Этот французский ресторан я уже знал: однажды мы там с Элтоном Джоном пытались перепить друг друга – куражились. Нас познакомил Джон Войт. Элтону Джону было интересно со мной познакомиться – с единственным русским во всем Голливуде.
После обеда мы с Ширли долго гуляли, шутили, было очень весело. Говорили о переселении душ и прочем подобном – она всем этим очень интересуется. Есть лица, которые по необъяснимым причинам кажутся родными, другие точно так же необъяснимо кажутся чужими. Лицо Ширли изначально мне было родным.
– Приезжайте ко мне на дачу в Малибу. Посидим на пляже, – сказала она.
– Когда?
– Завтра.
Назавтра была суббота.
– Хорошо. Тогда я возьму с собой кеды, хочу побегать.
– Конечно.
Малибу – артистическая колония на берегу океана, севернее Лос-Анджелеса. Здесь живут все звезды. Красиво звучит – Малибу! Есть ликер с таким названием – «Малибу».

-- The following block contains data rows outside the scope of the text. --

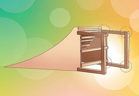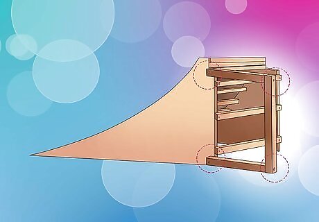 Place a 2x4 (50x100 mm) about every 10 inches (25 cm) along the transition (curved side) of the ramp between the 2 sides and screw the ends into the plywood. The top board will be flush with the top edges of the sides and perpendicular to the ground. The bottom board will be parallel to the ground. The remaining boards will be angled so they are perpendicular to the curve of the transition.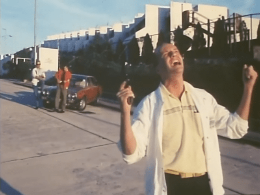 But fear not, the original “Ted Fast VS The Solomon Grundy Gang” has plenty of funny scenes, as he goes around the woods and gets ambushed by Solomon goons that react like Time Crisis 2 enemies when shot, only to retaliate with incredible rolls and flips and cheesy badassery to the sound of lifted soundtracks as usual.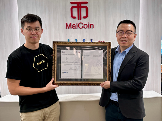 圖說:MaiCoin 集團旗下 MaiCoin 平台與 MAX 交易所通過 ISO 27001 資安驗證 (左起MaiCoin 集團資安主管林劭謙、MaiCoin 集團執行長劉世偉)

У Ширли скромный, хотя и довольно большой дом на океане. Старый. Не очень ухоженный. Она предложила мне остаться ночевать. На следующий день, когда я собрался уезжать, она сказала:
– Не хочешь попробовать жить вместе?
Вот момент, когда трудно описать испытанное ощущение. Что это? Шок? Обрыв? Падение? Ширли Мак-Лейн1Она мне очень нравилась – просто как женщина, даже если вдруг забыть, что она великая актриса. Я не долго думал.